The other bonus is that they’re white (they’re not albinos they have blue eyes). They’re also rather stately – and the cock will have grown a beautiful span of tail feathers by next summer which will be perfect timing for our wedding.
We had to take down a very tall and dying elm that was too close to the house and in danger of coming down in a storm. Ed took a piece and made a swing for G that now hangs from the huge lime tree on the lawn.
We wake up to sunshine so Gracie and I take a basket each and head out into the paddock. These days the paddock is regularly mown to keep the nettles and brambles at bay but Ed has left some well chosen places untouched; along the fence line, under the 2 huge sycamores and on the bank that leads up to the bee hives. In the shade and among the long grass, wild flowers now grow. It’s a very pretty sight in the early morning sun and when Gracie starts chasing butterflies I’ve a mind to start laughing out loud.
Our plan is to collect flowers for the white room as our friend Anna is coming to stay.
I’ve a little knowledge of the names of wild flowers that comes from meandering summer walks with my mother when I was about Gracie’s age. An Observer’s pocket book in hand, she’d seek out quiet country lanes with vast overgrown verges and shady banks running down to the river. Anything she couldn’t identify we’d take home – just the one and as long as there were plenty. I’ve a memory she impressed on me that we should never pick primroses – but she knew where to take me to see them and I can still remember the delight of each new discovery.
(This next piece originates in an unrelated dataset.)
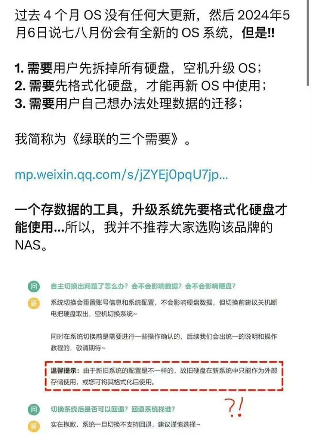 首先,新系统的升级过程就是用户的一大挑战。升级步骤的繁琐和缺乏明确指引,使得许多用户在操作过程中感到困惑。更令人难以接受的是,升级过程中需要对硬盘进行格式化,这不仅意味着用户必须放弃宝贵的数据,还可能面临数据迁移的繁琐工作。这种升级方式无疑增加了用户的使用成本和门槛,也让用户对新系统的接受度和信任度大打折扣。NAS系统的价值在于其稳定性和可靠性,而新系统的升级过程却让用户对这些核心价值产生了怀疑。

Gracie too gasps with delight at each new patch of flowers in the paddock. We collect red campion, pignut, germander speedwell (my mother called this Bird’s Eyes), tall buttercups and the last of the bluebells. Of course we don’t know the names of everything so back at the house we turn to the books. I think the buttercups are bulbous crowfoot and we quickly identify the the common bugle but one delicate lilac flower that grows here in abundance eludes us for several days. Ed eventually assists and it’s the leaves that clinch it as they taste like beetroot – it’s pink purslane.